THE DATA Start Marker

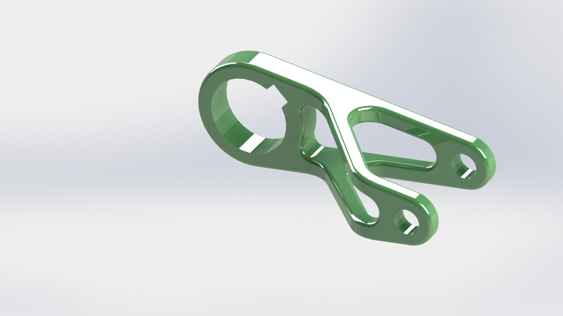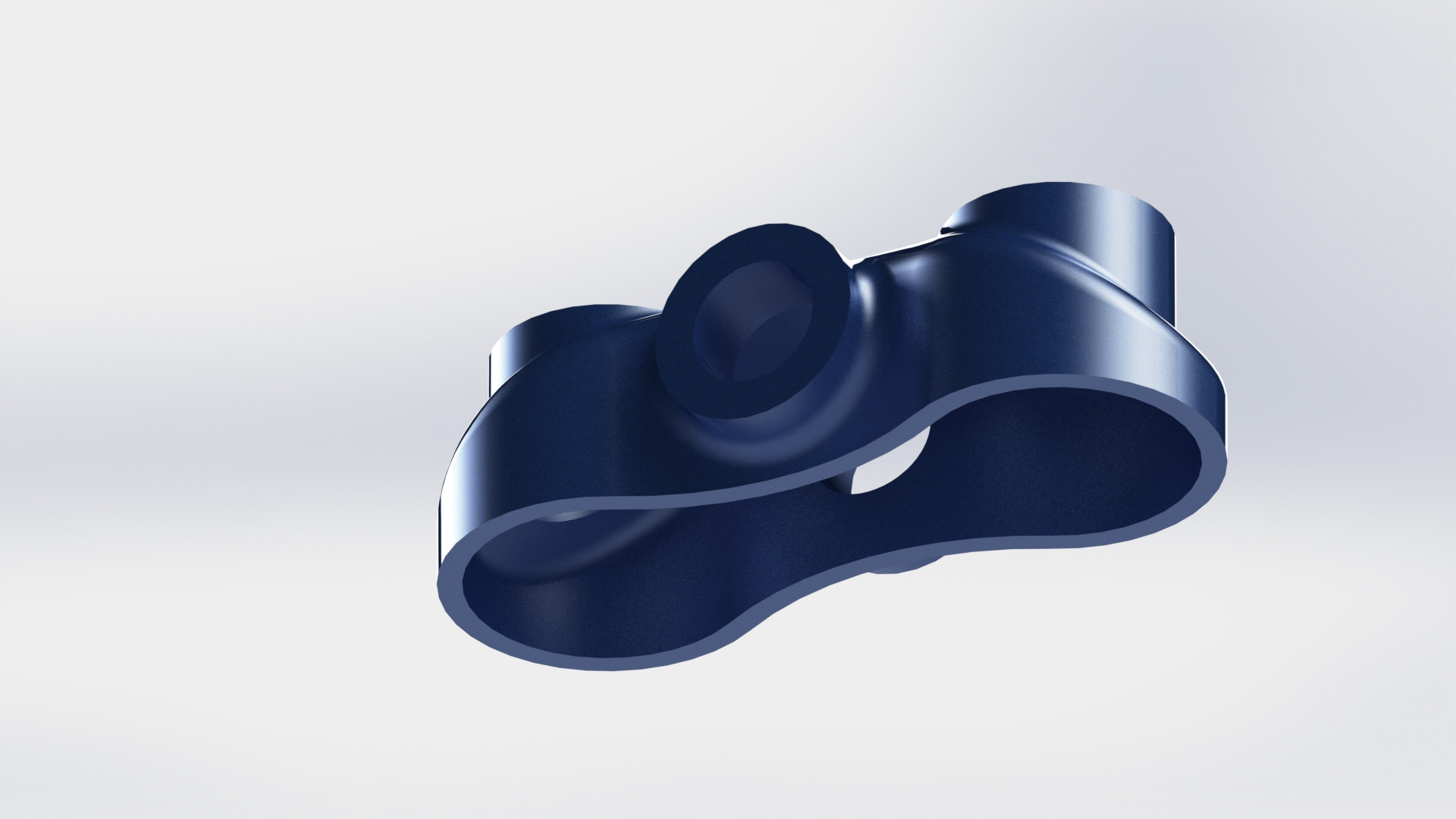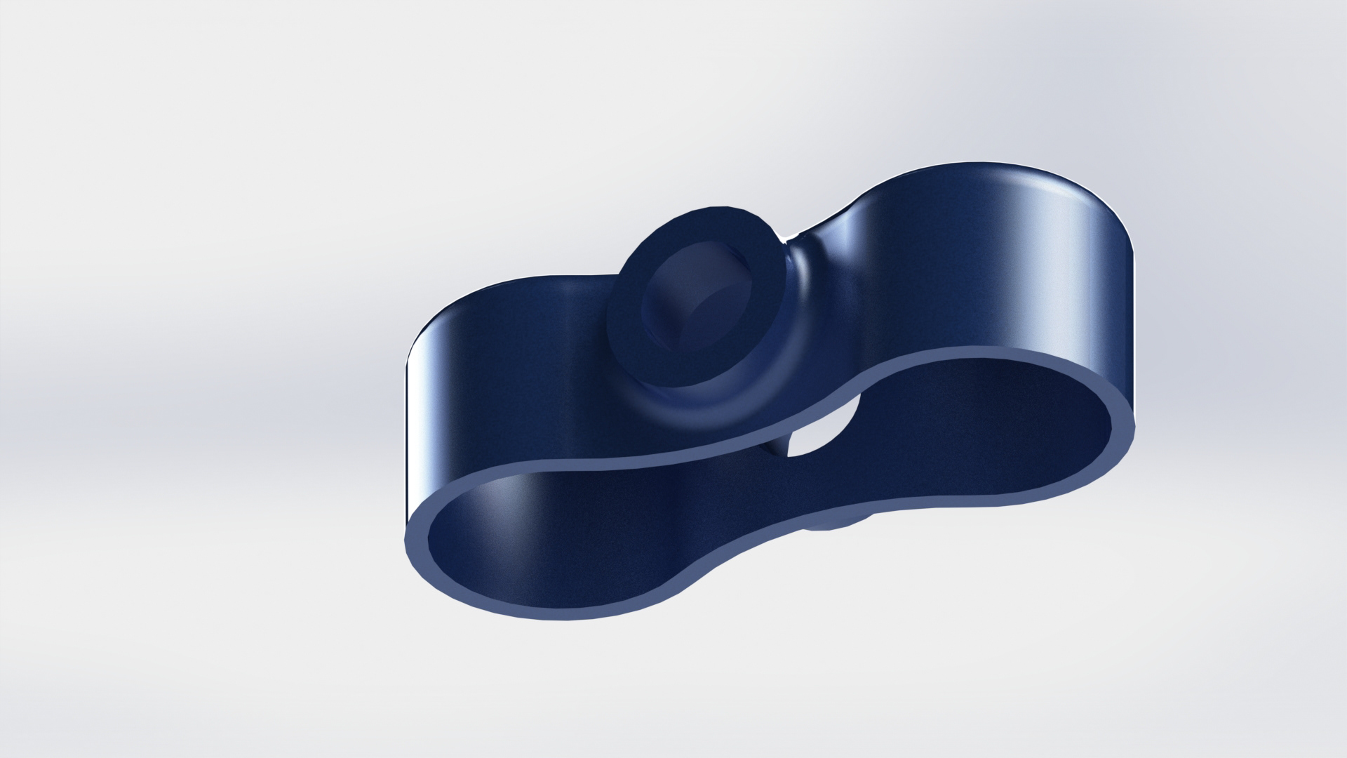 The 2018 model is very reminiscence of a horseshoe. Phase 1 took about 30 minutes to create. The main horseshoe shape was made with an extrusion and extruded cut in perpendicular planes (front and right, respectively). Next the top circular profile and hole were made with extrusions from the top plane. Phase 2 moved one of the curves in the main body as well as integrating a shell into the same body. These changes took about 20 minutes including tweaking the circle at the top to go through the now longer body.
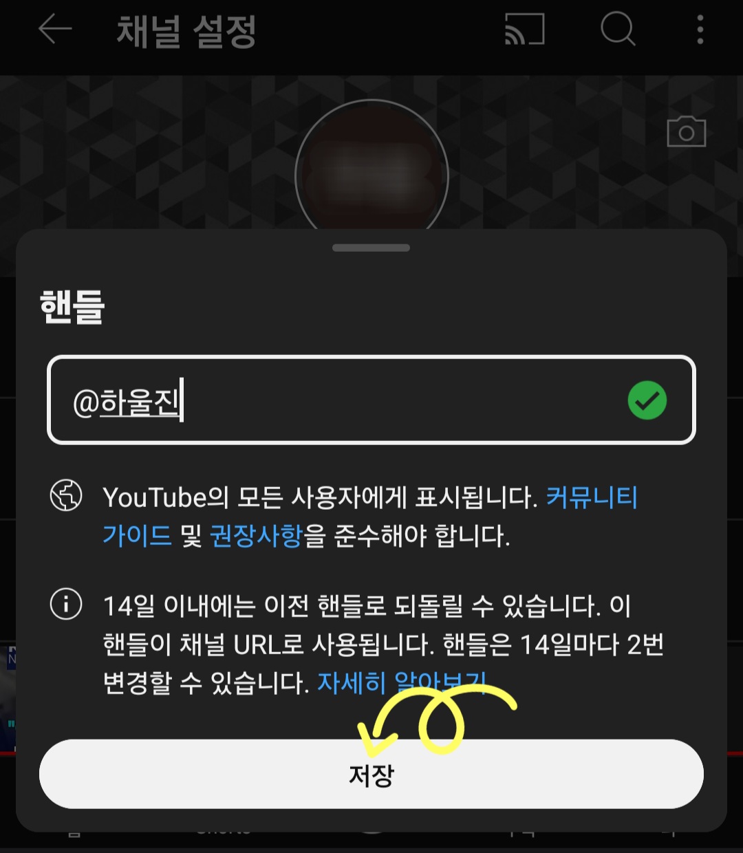 ▼그럼 이미지 사진 및 이름도 바꿀 수 있는데요. 댓글 아이디를 바꾸기 위해선 "핸들"라인에 있는 "연필모양"을 클릭하고 원하는 아이디를 입력 후 "저장"을 눌러주고 댓글을 달면 아이디가 바뀐 걸 확인할 수 있습니다.
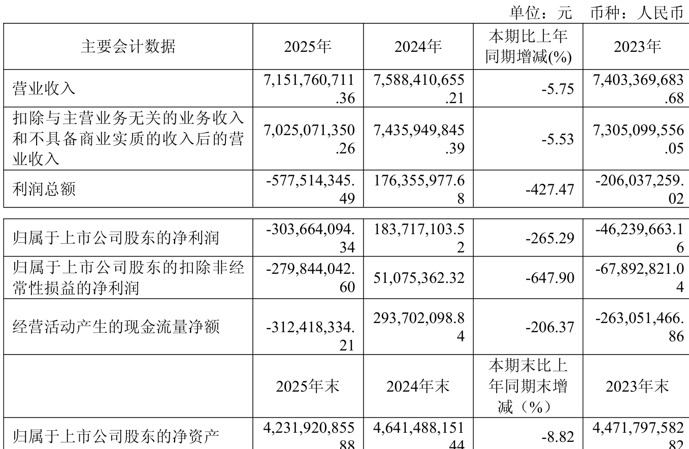 中证智能财讯冠豪高新(600433)3月11日披露2025年年度报告。2025年,公司实现营业总收入71.52亿元,同比下降5.75%;归母净利润亏损3.04亿元,上年同期盈利1.84亿元;扣非净利润亏损2.8亿元,上年同期盈利5107.54万元;经营活动产生的现金流量净额为-3.12亿元,上年同期为2.94亿元;报告期内,冠豪高新基本每股收益为-0.17元,加权平均净资产收益率为-6.86%。
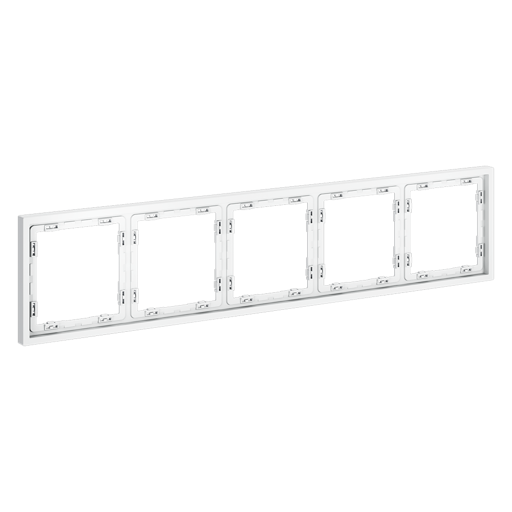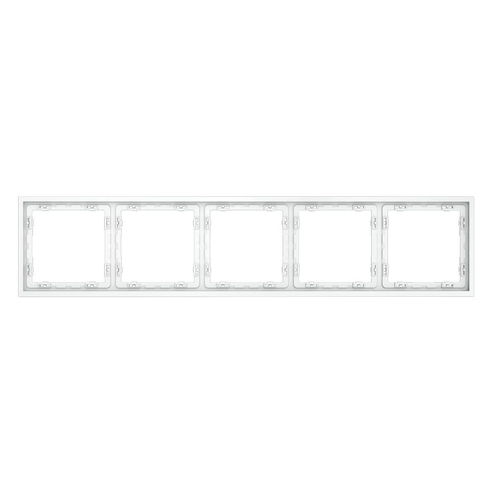 Рамка имеет длину 364 мм и ширину 73.8 мм, что делает её подходящей для установки на 5 постов. Изготовлена из пластика с покрытием Soft touch, которое придаёт изделию приятную на ощупь поверхность. Белый цвет изделия добавляет утонченности и сочетается с любым интерьером. Вес брутто составляет 0.08 кг, а вес нетто — 0.05 кг. На рамку предоставляется гарантия 1 год.
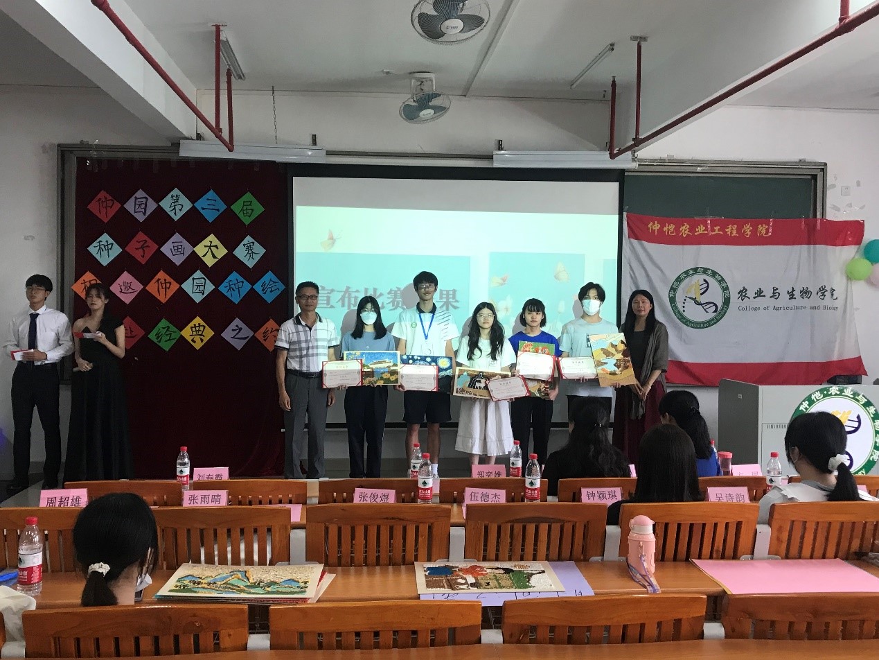 为弘扬“注重实践,扶助农工”的仲园精神,融合红色文化,培养同学们的创新意识,帮助学生了解专业文化,提高学生的创新能力,5月20日上午,m88 app在白云校区D栋综合楼707室举办了仲园第三届种子画大赛决赛。出席本次比赛的嘉宾及评委们有m88 app党委书记陈丹雄,党委副书记、院长郑奕雄,党委副书记周超雄,党委委员、副院长周玲艳、副教授刘季平,何香凝艺术设计学院副教授刘春霞以及m88 app学生会主席团、各学院代表。
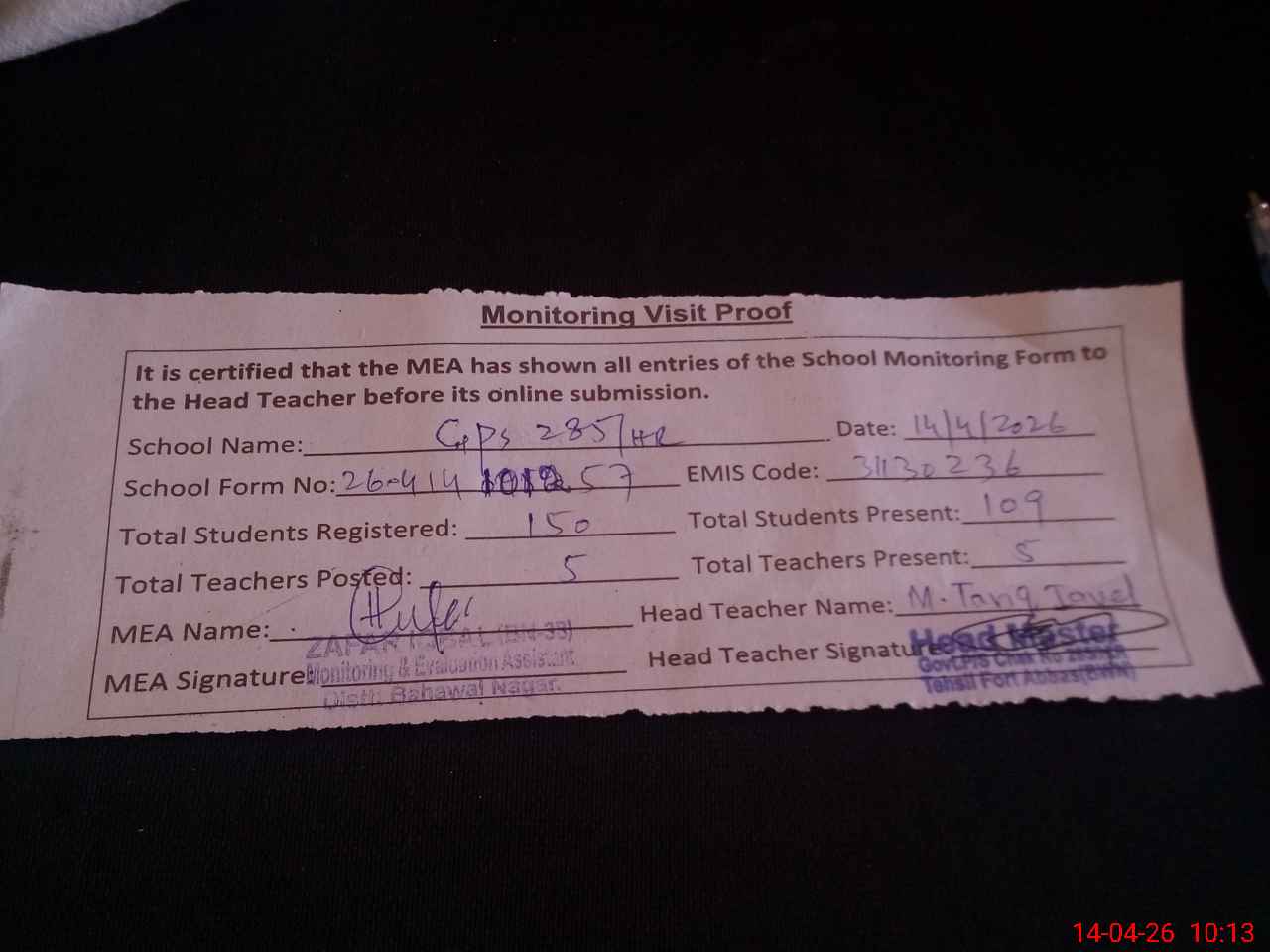 | Attendance Register | Head Teacher | MEA with School | Visit Proof |
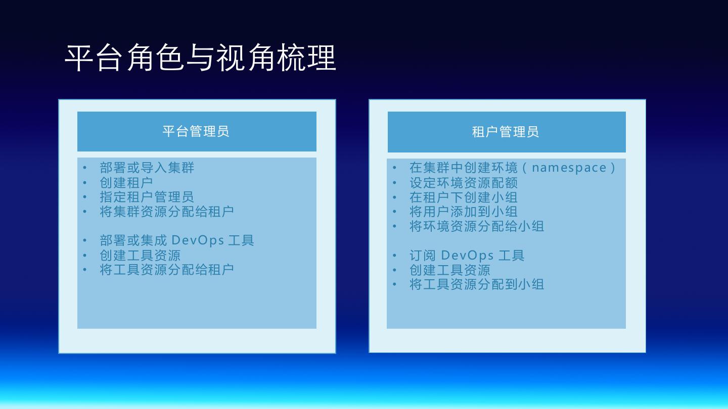24 .平台⾓⾊与视⾓梳理 平台管理员 租户管理员 • 部署或导入集群 • 在 集 群 中 创 建 环 境( nam esp ac e) • 创建租户 • 设定环境资源配额 • 指定租户管理员 • 在租户下创建小组 • 将 集 群 资 源 分 配 给租 户 • 将用户添加到小组 • 将 环 境 资 源 分 配 给小 组 • 部署或集成 DevOps 工具 • 创建工具资源 • 订阅 DevOps 工具 • 将 工 具 资 源 分 配 给租 户 • 创建工具资源 • 将 工 具 资 源 分 配 到小 组
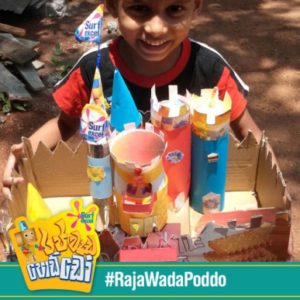 දක්ෂතාවලින් පිරිපුන් වයස අවුරුදු 5 – 11 අතර පොඞ්ඩන් ඉවතලන ද්රව්ය සහ Surf excel පැක් යොදාගෙන එකිනෙකට වෙනස් වූ නිර්මාණ සකසා Surf fb page එකට වගේම WhatsApp සහ Viber හරහාත් අප වෙත එව්වා. ඒ විතරක්ද Surf excel වැඩමුළුවලට සහභාගී වූ දරු දැරියන් ද ඔවුන්ගේ නිර්මාණ අප වෙත ලබාදුන්නා. ඒ සියලුුම නිර්මාණශීලී දරුවන් අතරින් දක්ෂතම පොඞ්ඩන් Surf excel රජ වැඩ පොඞ්ඩෝ වැඩසටහනේ ජයග්රාහකයන් අතරට තේරුණා. ඒ අතරින් යුනිවර්සල් ස්ටුඩියෝ නැරඹීමට යාම සඳහා අවස්ථාව දිනාගනු ලැබුවේ නෙතායා, කලන සහ සයීඞ් යන නිර්මාණශීලී රජ වැඞ්ඩන් තිදෙනාය. ඒ වගේම තමන්ගේ නිර්මාණ පළමුවෙන්ම Surf fb page එකට වගේම WhatsApp,Viber හරහා නිර්මාණ එවූ දරුවන් ද වැඩමුළුවලට සහභාගී වී අප වෙත නිර්මාණ ලබාදුන් දරුවන් ද ඇතුළු සියලුම පොඞ්ඩෝ අතරින් දස දහසක් මැජික් වොච් දස දහසක් දිනාගත්තා.
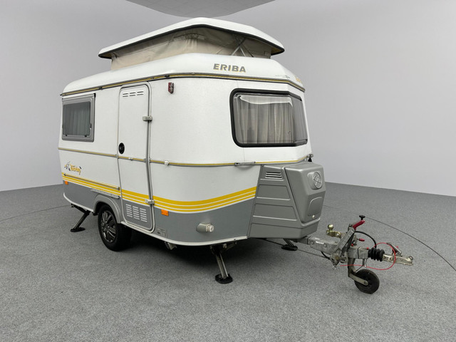 Deze prachtige en zeer goed onderhouden Eriba Touring Pan Familia 310 is klaar voor nieuwe avonturen. Met een bijna gloednieuwe Walker voortent t.w.v. €1.700,- creëert u eenvoudig extra leefruimte. Deze compacte Eriba caravan biedt slaapplaatsen voor 3 personen, wat uniek is voor dit model. In het midden bevindt zich de keuken en een hangkast. De caravan beschikt over een dubbele dinette, die u eenvoudig kunt ombouwen tot comfortabele bedden. De Eriba Touring Pan Familia 310 heeft een maximaal gewicht van 750 kg, waardoor hij achter vrijwel elke auto kan worden meegenomen.

THE DATA End Marker

◆ **WHAT YOU SHOULD DO**: Every line of the material above must be written out exactly, with no pictures.

◆ **SOLUTION**:
 The 2018 model is very reminiscence of a horseshoe. Phase 1 took about 30 minutes to create. The main horseshoe shape was made with an extrusion and extruded cut in perpendicular planes (front and right, respectively). Next the top circular profile and hole were made with extrusions from the top plane. Phase 2 moved one of the curves in the main body as well as integrating a shell into the same body. These changes took about 20 minutes including tweaking the circle at the top to go through the now longer body.
 ▼그럼 이미지 사진 및 이름도 바꿀 수 있는데요. 댓글 아이디를 바꾸기 위해선 "핸들"라인에 있는 "연필모양"을 클릭하고 원하는 아이디를 입력 후 "저장"을 눌러주고 댓글을 달면 아이디가 바뀐 걸 확인할 수 있습니다.
 中证智能财讯冠豪高新(600433)3月11日披露2025年年度报告。2025年,公司实现营业总收入71.52亿元,同比下降5.75%;归母净利润亏损3.04亿元,上年同期盈利1.84亿元;扣非净利润亏损2.8亿元,上年同期盈利5107.54万元;经营活动产生的现金流量净额为-3.12亿元,上年同期为2.94亿元;报告期内,冠豪高新基本每股收益为-0.17元,加权平均净资产收益率为-6.86%。
 Рамка имеет длину 364 мм и ширину 73.8 мм, что делает её подходящей для установки на 5 постов. Изготовлена из пластика с покрытием Soft touch, которое придаёт изделию приятную на ощупь поверхность. Белый цвет изделия добавляет утонченности и сочетается с любым интерьером. Вес брутто составляет 0.08 кг, а вес нетто — 0.05 кг. На рамку предоставляется гарантия 1 год.
 为弘扬“注重实践,扶助农工”的仲园精神,融合红色文化,培养同学们的创新意识,帮助学生了解专业文化,提高学生的创新能力,5月20日上午,m88 app在白云校区D栋综合楼707室举办了仲园第三届种子画大赛决赛。出席本次比赛的嘉宾及评委们有m88 app党委书记陈丹雄,党委副书记、院长郑奕雄,党委副书记周超雄,党委委员、副院长周玲艳、副教授刘季平,何香凝艺术设计学院副教授刘春霞以及m88 app学生会主席团、各学院代表。
 | Attendance Register | Head Teacher | MEA with School | Visit Proof |
24 .平台⾓⾊与视⾓梳理 平台管理员 租户管理员 • 部署或导入集群 • 在 集 群 中 创 建 环 境( nam esp ac e) • 创建租户 • 设定环境资源配额 • 指定租户管理员 • 在租户下创建小组 • 将 集 群 资 源 分 配 给租 户 • 将用户添加到小组 • 将 环 境 资 源 分 配 给小 组 • 部署或集成 DevOps 工具 • 创建工具资源 • 订阅 DevOps 工具 • 将 工 具 资 源 分 配 给租 户 • 创建工具资源 • 将 工 具 资 源 分 配 到小 组
 දක්ෂතාවලින් පිරිපුන් වයස අවුරුදු 5 – 11 අතර පොඞ්ඩන් ඉවතලන ද්රව්ය සහ Surf excel පැක් යොදාගෙන එකිනෙකට වෙනස් වූ නිර්මාණ සකසා Surf fb page එකට වගේම WhatsApp සහ Viber හරහාත් අප වෙත එව්වා. ඒ විතරක්ද Surf excel වැඩමුළුවලට සහභාගී වූ දරු දැරියන් ද ඔවුන්ගේ නිර්මාණ අප වෙත ලබාදුන්නා. ඒ සියලුුම නිර්මාණශීලී දරුවන් අතරින් දක්ෂතම පොඞ්ඩන් Surf excel රජ වැඩ පොඞ්ඩෝ වැඩසටහනේ ජයග්රාහකයන් අතරට තේරුණා. ඒ අතරින් යුනිවර්සල් ස්ටුඩියෝ නැරඹීමට යාම සඳහා අවස්ථාව දිනාගනු ලැබුවේ නෙතායා, කලන සහ සයීඞ් යන නිර්මාණශීලී රජ වැඞ්ඩන් තිදෙනාය. ඒ වගේම තමන්ගේ නිර්මාණ පළමුවෙන්ම Surf fb page එකට වගේම WhatsApp,Viber හරහා නිර්මාණ එවූ දරුවන් ද වැඩමුළුවලට සහභාගී වී අප වෙත නිර්මාණ ලබාදුන් දරුවන් ද ඇතුළු සියලුම පොඞ්ඩෝ අතරින් දස දහසක් මැජික් වොච් දස දහසක් දිනාගත්තා.
 Deze prachtige en zeer goed onderhouden Eriba Touring Pan Familia 310 is klaar voor nieuwe avonturen. Met een bijna gloednieuwe Walker voortent t.w.v. €1.700,- creëert u eenvoudig extra leefruimte. Deze compacte Eriba caravan biedt slaapplaatsen voor 3 personen, wat uniek is voor dit model. In het midden bevindt zich de keuken en een hangkast. De caravan beschikt over een dubbele dinette, die u eenvoudig kunt ombouwen tot comfortabele bedden. De Eriba Touring Pan Familia 310 heeft een maximaal gewicht van 750 kg, waardoor hij achter vrijwel elke auto kan worden meegenomen.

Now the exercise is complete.